Background
Disclaimer: Due to the link restrictions we have provided a link to the proposal with all the necessary evidence and links so you can read there and share your comments here on the forum.
This is the community’s response, led by Chainflow, Cosmic Validator, L0vd, Stakeup, Stakepool, Daniel from Keplr, Crouton Digital, Encipher, Nodeify and 2pilot, to the recent announcement on the Namada Forum dated May 16th:
We (validators/pilots/contestants of the Namada Shielded Expedition event) disagree with the removal of the entire uptime category, which was announced and happened after the conclusion of the Namada Shielded Expedition. We believe this change should be revoked for several reasons:
- Changing rules post-competition undermines the integrity and fairness of the Shielded Expedition event.
- Pilots relied on the initial uptime missions and point system to guide their strategies and efforts.
- Removing the uptime category after the fact retroactively disadvantages pilots who performed well under the original criteria.
- Such changes can erode trust in the organizing body and discourage future participation.
Moreover, we feel that insufficient evidence was provided to justify removing the category. Uptime is the most crucial baseline metric for assessing validator performance, and no competition can effectively measure a validator’s performance without it. We plan to discuss this further in the Arguments section and provide our counterarguments to the reasoning presented by the SE host team for removing the Uptime category.
Proposal
We request the Namada team to reinstate the uptime mission in the Shielded Expedition event.
This will ensure:
- Fairness in the competition and the event
- Consistency in the rules, maintaining the original terms
- Recognition and reward for the most diligent participants based on their efforts
- Accurate rankings, providing a reliable tool for selecting validators for the mainnet
Arguments
Upon registration, all participants are informed of the rules and task specifics, and they agree to them by entering the competition. We believe that no competition should change its rules after it has ended, especially right before the final results are announced and without formal recourse to debate the unilateral decision. This undermines the integrity and fairness of the competition, those who hold the power to make and set the rules, while devaluing the efforts of the most diligent participants.

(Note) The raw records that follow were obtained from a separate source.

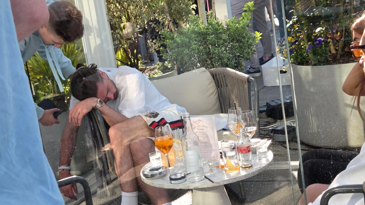 INJURED England ace Jack Grealish nods off at a rooftop bar while boozing with pals.
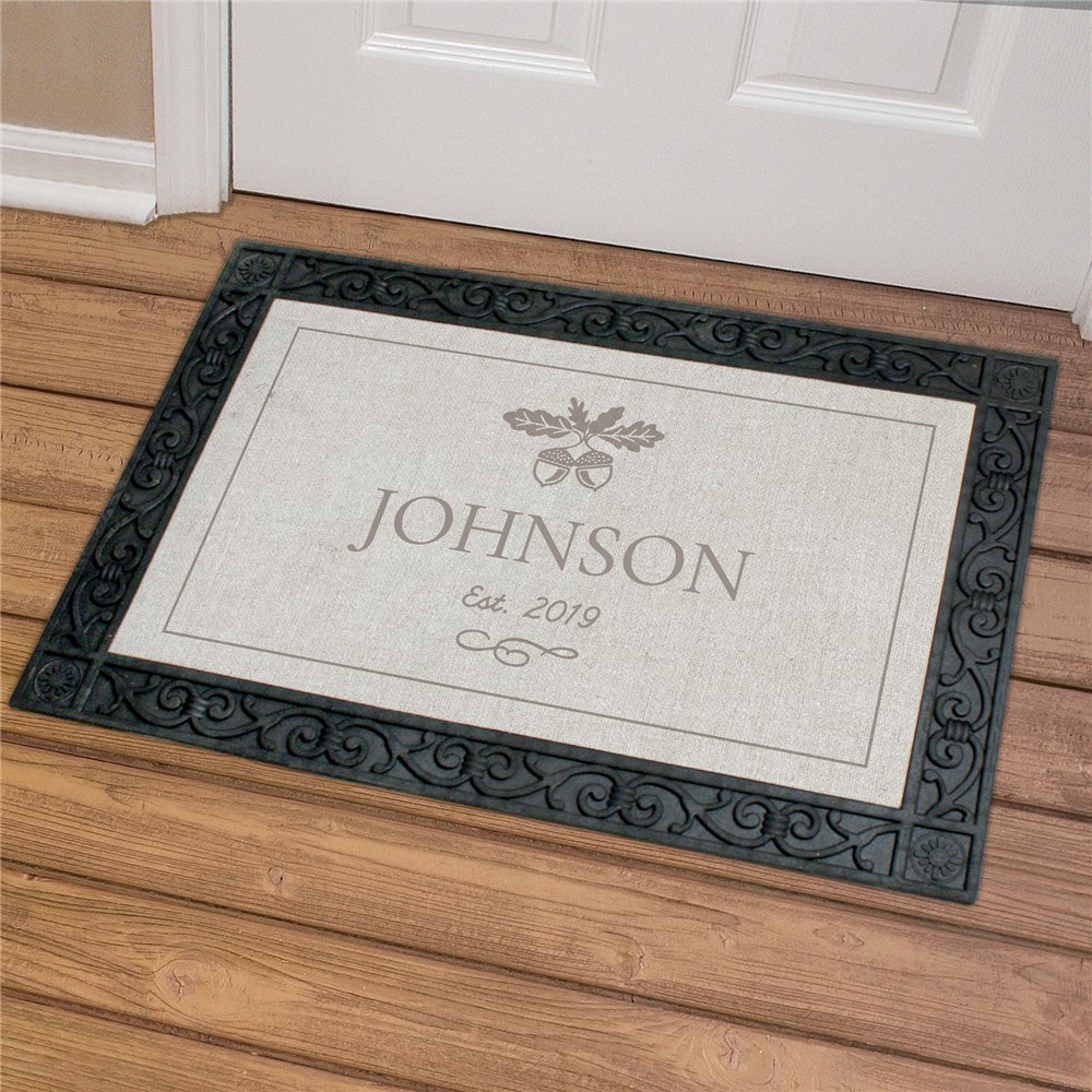 Add a charming welcome to your front entrance this season when you display one of these Fall Personalized Doormats. Featuring an elegant design, these Custom Doormats will give your visitors the warm welcome they deserve. This doormat may be personalized with any family name and established year.
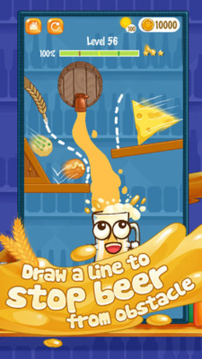 这款游戏有着数千个级别的难度,几十种不同的障碍,适合所有年龄段的用户玩的一款游戏,使啤酒顺利的落入水杯当中,快来下载挑战吧。
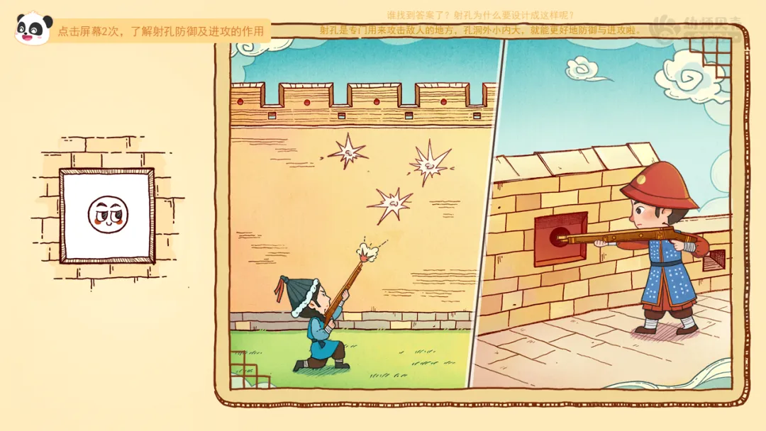 小结:射孔是专门用来攻击敌人的地方,孔洞外小内大,就能更好地防御与进攻啦。
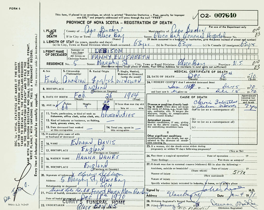 1. PLACE OF DEATH County of Cape Breton If in City or Town Glace Bay
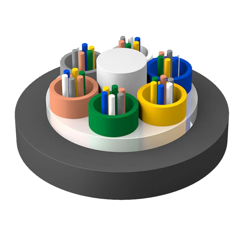 Uppbygging strandaðs lausra rörs sem ekki er málmstyrkur, sem ekki er vopnaður ljósleiðari, er að setja 250 μm sjóntrefjar í lausa rör úr háu stuðulefni og lausa rörið er fyllt með vatnsþéttu efnasambandi. Miðja kapalkjarnans er FRP og lausa rörið (og fyllingar reipið) er snúið um FRP til að mynda samningur og kringlótt kapalkjarna. Bilin í kapalkjarnanum eru fyllt með vatnsblokkandi fylliefni. Lag af pólýetýlen slíðri er kreist utan kapalkjarnans til að mynda snúru.
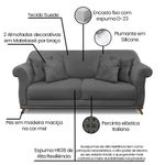 O Sofá 3 Lugares Julieta é uma mobília que combina elegância, conforto e durabilidade. Ele tem um design moderno e sofisticado, com pés em madeira maciça na cor mel e revestimento em tecido Suede Cinza, que harmonizam com qualquer ambiente. Ele é ideal para sala de estar, recepções ou qualquer outro espaço que você queira decorar com estilo e bom gosto. Ele tem uma estrutura em madeira de reflorestamento eucalipto, que garante a resistência e a sustentabilidade do produto. Com medidas de 220 cm ele suporta até 180 kg de peso, podendo ser utilizado por pessoas de diferentes biotipos. Ele tem um acabamento reforçado com espuma de qualidade no encosto D23 e plumante em silicone, que oferece maciez e aconchego. Acompanha 2 almofadas decorativas ( Enchimento fibra de silicone) bordadas em matelassê por braço. Ele tem assento Fixo com percintas elásticas italiana, espuma HR 28 e plumante em silicone, que proporcionam flexibilidade e conforto. Tem pés em madeira maciça com altura de 12 cm, que protegem o produto contra corrosão e desgaste. O sofá Julieta é um produto de alta qualidade, beleza e funcionalidade. Ele é fácil de transportar, pois tem um peso leve e um tamanho compacto. O sofá Julieta é um produto que vai fazer a diferença na sua decoração e no seu bem-estar. Ela vai trazer charme, conforto e durabilidade para o seu ambiente. Aproveite essa oferta e leve para casa um sofá de qualidade por um preço incrível. Essa é a sua chance de ter um sofá maravilhoso por um preço imperdível. Corra e garanta o seu antes que acabe o estoque! Dimensões do Sofá: Altura total: 90 cm Largura total: 220 cm Profundidade total: 82 cm Peso: 53 kg Altura do Braço: 74 cm Altura do chão ao Assento: 45 cm Altura do Encosto: 45 cm Profundidade do Assento: 55 cm Largura do Braço: 22 cm Altura dos pés: 12 cm Especificações do Produto Estrutura: Madeira de Eucalipto Reflorestada Espuma: D-23 Tipo de Encosto: Fixo com Plumante em Silicone Tipo de Assento: Fixo com Espuma HR 28, Percinta Elástica Italiana Quantidade de Lugares: 3 Lugares Tecido: Suede Diferenciais: Acompanha 02 Almofadas Decorativas em Matelassê por Braço Tipo de pés: Pés Madeira Maciça na cor Mel Peso suportado: Até 180 Kg Garantia: 90 dias contra defeito de fabricação Montagem: O produto é enviado montado, sendo necessário somente parafusar os pés Instruções de limpeza: Utilizar um pano limpo e levemente úmido Você irá receber: 01 Sofá Entregue em: 01 Volume
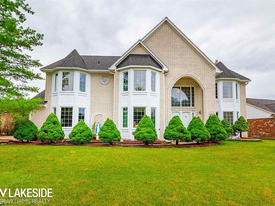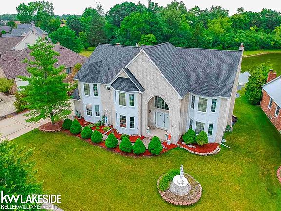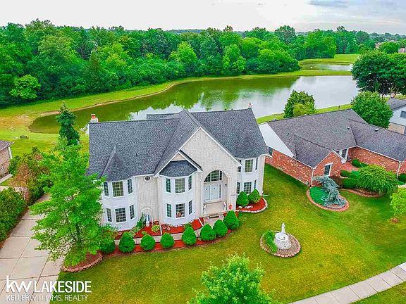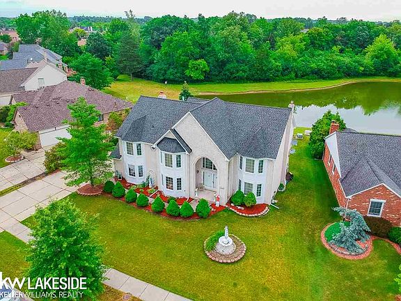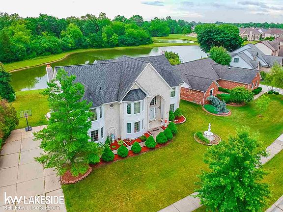 Active subject to home inspection. MOTIVATED SELLERS HAVE PURCHASED ANOTHER HOME. Prime location is Sterling Heights and the house backs up to a pond. The double doors open to a two story foyer with a winding staircase. This huge family home has 5 or 6 bedrooms and 4.1 baths. The bedroom on the main level can also be library/den. The GR has cathedral ceilings, a bar and door wall that opens to a brick patio. A full bath, half bath, and laundry room on the first floor. The MB is en-suite with a walk-in closet and a full bath. There is another en-suite on the 2nd floor. Two bedrooms have walk-in closets. The adjoining full bath has a marble jetted tub. A separate suite has a dressing area with a full bath. All the full baths have double sinks, ceramic showers, floors and marble counter tops. The finished basement has a full kitchen and bath. The bay windows in the front of the house are new. Roof 2009. HWT 2019. All appliances stay. Central vac. One year home warranty.

Considering all of the above, we will examine the key arguments provided by the SE host team, which they found sufficient to justify removing the vital uptime performance category and changing the rules after the competition had ended.

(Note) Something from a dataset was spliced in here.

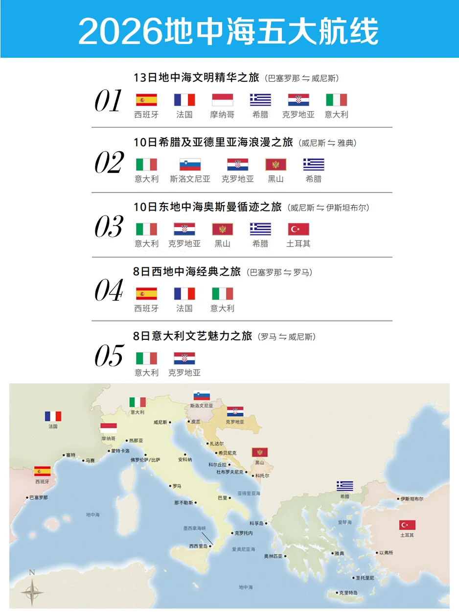 ✅13 日地中海文明精华之旅 途经:西班牙→法国→摩纳哥→意大利→克罗地亚→希腊 出发港:巴塞罗那 / 威尼斯 必打卡:罗马古迹、比萨斜塔、杜布罗夫尼克古城、科孚岛海景、圣马可广场
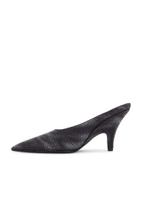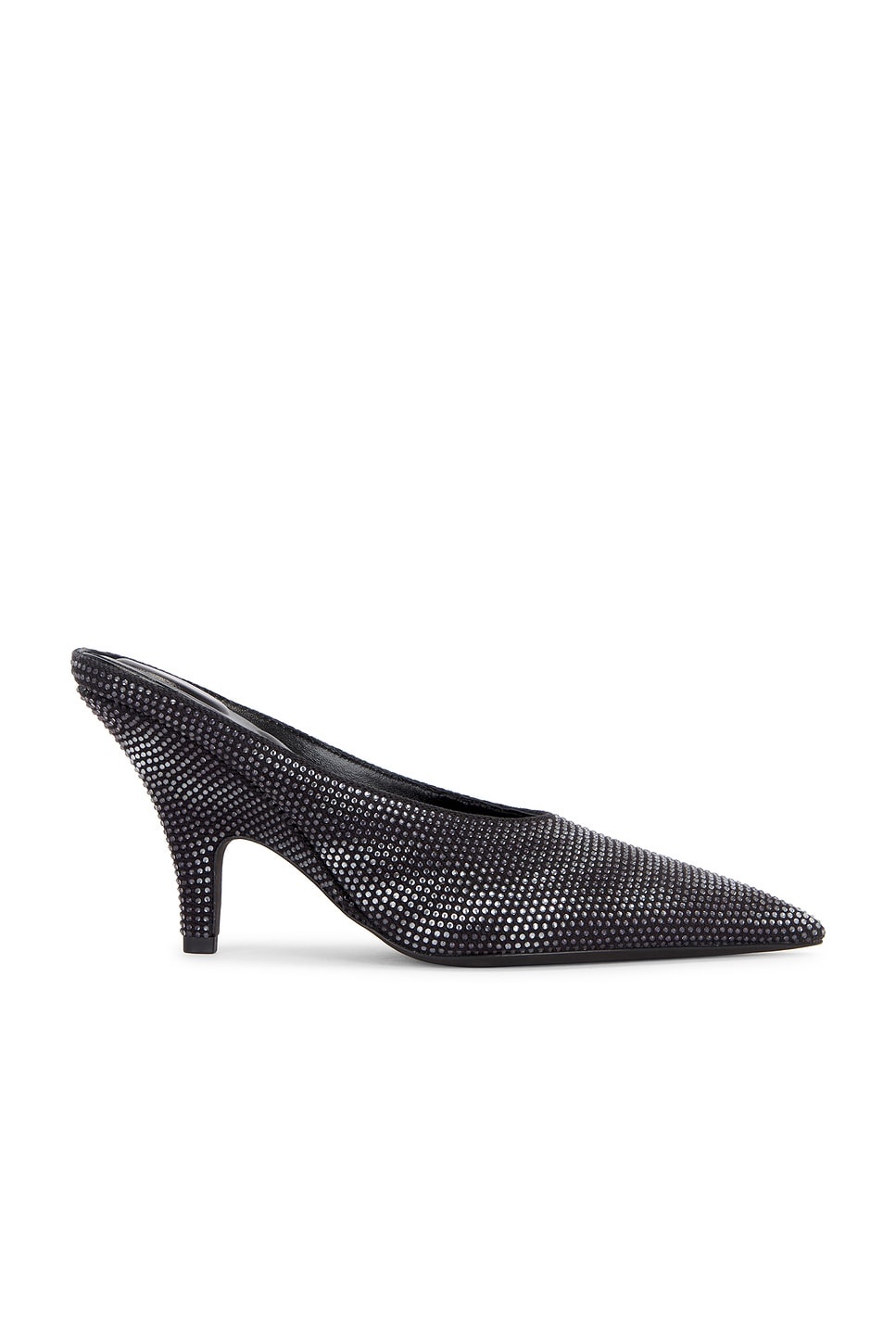 Details - Crystal-embellished textile upper with leather sole - Made in China - Slip-on styling - Leather lining - Pointed toe with kitten heel - Approx 90mm/ 3.5 inch heel - Our Style No. AWAN-WZ431 - Manufacturer Style No. 30424P018

Argument 1: “A limited set of participants were able to compete for the uptime missions & only 2 post genesis validators achieved the uptime task and they are outliers.”
Our counterarguments:
- When correctly counting uptime for post-genesis validators (e.g., excluding the first 2 epochs), a total of 13 post-genesis validators completed the uptime task.

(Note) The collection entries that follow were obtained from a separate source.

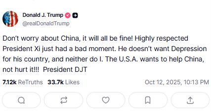 The trigger seemed to be President Trump’s announcement of 100% tariffs on Chinese imports, effective November 1. Posted on Truth Social during active trading hours, the news sent traditional markets down $1.2 trillion in 40 minutes. Crypto markets, operating with higher leverage and volatility, reacted more sharply.
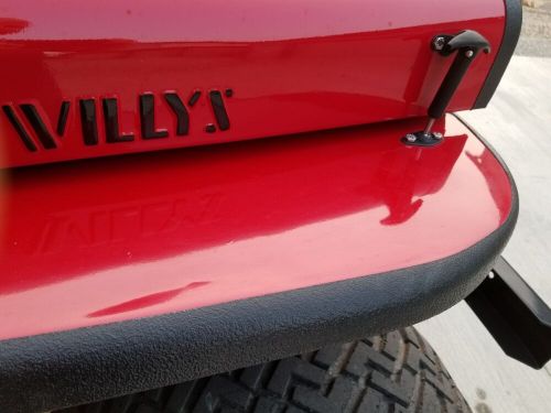 Getting ready for its big debut at the LA Auto Show, the 2014 Jeep Wrangler Willys Wheeler Edition is inspired by early Willys CJ (Civilian Jeep) models with exclusive styling and upgraded off-road goodies. Starting with a Wrangler Sport, these upgrades include a Dana 44 rear axle with limited-slip differential and 3.73 gears, along with meaty BF Goodrich KM Mud Terrain tires mounted to the Willys Wheeler's black 17-inch wheels. For more of a classic Jeep look, this model adds a gloss black grille, "Willys" hood stickers and rock rails to protect the side sills. Jeep is also tossing in a D-ring, tow strap and gloves that are all kept in a special carrying bag.
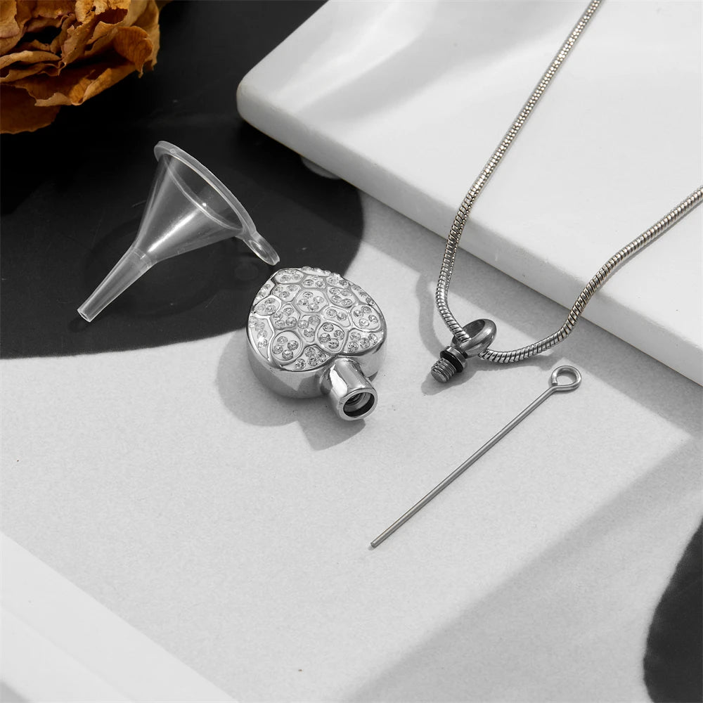 This cremation necklace is designed to hold ashes in a sleek stainless steel pendant, offering a meaningful way to keep loved ones close. The addition of rhinestones adds a touch of elegance, making it both a sentimental and stylish memorial piece.

- Overall, 55 pilots achieved the uptime task, similar to those who completed the governance task, which the SE host team decided to keep in the final rankings.
- 257 participants deployed validator nodes and competed for the uptime task, with 21.4% succeeding. This stat demonstrates that this mission is challenging yet far from impossible.
- The entire point of testnets such as the Shielded Expedition is to surface the validators with the dedication and skill to perform well, differentiating them from the crowd. To draw an analogy, this argument is similar to saying that since only one team won the soccer match, the match was disqualified, since both teams didn’t win.
Argument 2: ‘There was a client bug that caused a significant number of validators to be jailed (node kept restarting with no way to stop it).’
Our counterarguments:
- There was a way to fix this issue, and that’s why 55 validators completed the uptime tasks.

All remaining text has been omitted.